Companies are often insane. I’m working in one who has this one guy build a super complicated architecture, because he don’t know aws. So instead of just using a message queue on aws, he is building Java programs and tons of software and containers to try and send messages in a reliable way. Costs the company huge money, but they don’t care, since he is some old timer who has been there for like 10 years and everyone let’s him do what he wants.
What the company likes about the old timer is that because he has been there for 10 years, he will likely be there for the next 10 years to support the complicated system he is creating now. If a younger team member creates something using a modern approach, there is the risk they will leave in a years time and no one knows how the system works.
No one knows how to use a well documented, publicly available service? No, I’d argue that no one knows how to use a private, internal only, custom solution.
That because you’re an engineer (I assume). The people signing off on these kinds of projects don’t know enough themselves, so they go to someone they trust (the old timers) to help them make the decision. The old timers don’t keep up with new tech, so we keep reinventing the wheel.
“keeping up with new tech” is often just re-inventing the wheel. If it isn’t broke, and can still be maintained, then why break it because you like the flavor of the week?

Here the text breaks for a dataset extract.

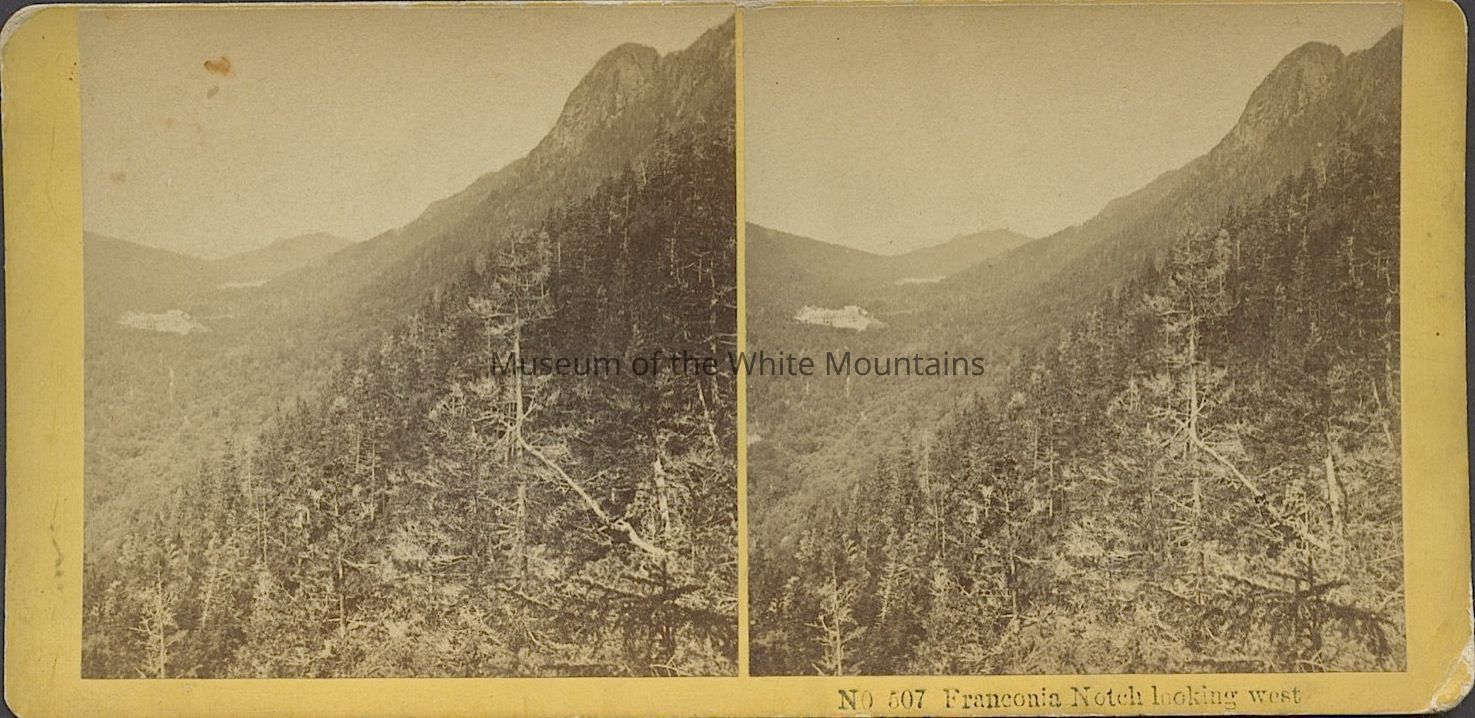 Black and white image of mountains with a hotel in the distance. Caption reads, "Franconia Notch looking west." Back Description: Plain

So he’ll rip an even bigger hole, when he is retiring because the company never bothered to get a new solution running. Then they get a hydra of legacy code that is poorly documented and probably using some old hacks based on even older forum posts, nowhere to be found again.
Oh god. I do a lot of PowerShell scripting at my place, and less than half my team is proficient in it. My co-workers who are almost never write comments in their scripts. Meanwhile, if it’s anything that will live longer than ~5 manual runs, I spemd more time on comments and documentation than scripting.
That effort is valued, but I’m shocked that my team isn’t more aware of the need for documentation. We literally experienced the “bus factor” situation a few years ago.
My current company is comparatively young and only really grew above the 100 people mark a few years ago. There are people who only worked here for 10-15 years, but are so integral as head-monopoly, that they might as well have been there forever.
In my old company, there were developers retiring that worked literally their entire lives for the same company.
Aside: Back in my day, we could use the term “relatively” to mean “in relation to” some other thing. Over time it became “in relation to the average thing” instead of a specific thing. Now it just means “a little bit”/“sort of”. Now people use “comparatively” to convey what “relatively” used to mean. Except… you just now seem to be making that same “relatively” transition with the word “comparatively”. I just find language interesting, and wonder what the next “relatively” will be once that meaning has been lost even to “comparatively”.
That may be an artifact of my native language. In German the term vergleichsweise (Vergleich meaning comparison) is used like that and sometimes these constructions spill over to my English writing.
no no no, its not a critique specifically of you. Native english speakers do this all the time. And I’m sure its inevitable that “comparatively” will make that transition too.
I’m interested: is there a german word to replace "vergleichsweise " to more explicitly mean “comparison”?
I personally always try to engineer away from cloud services. They cost you ridiculous amounts of money and all you need is documentation afterwards. Then it can be easier and faster than AWS or GC
Got to agree with @Zushii@feddit.de here, although it depends on the scope of your service or project.
Cloud services are good at getting you up and running quickly, but they are very, very expensive to scale up.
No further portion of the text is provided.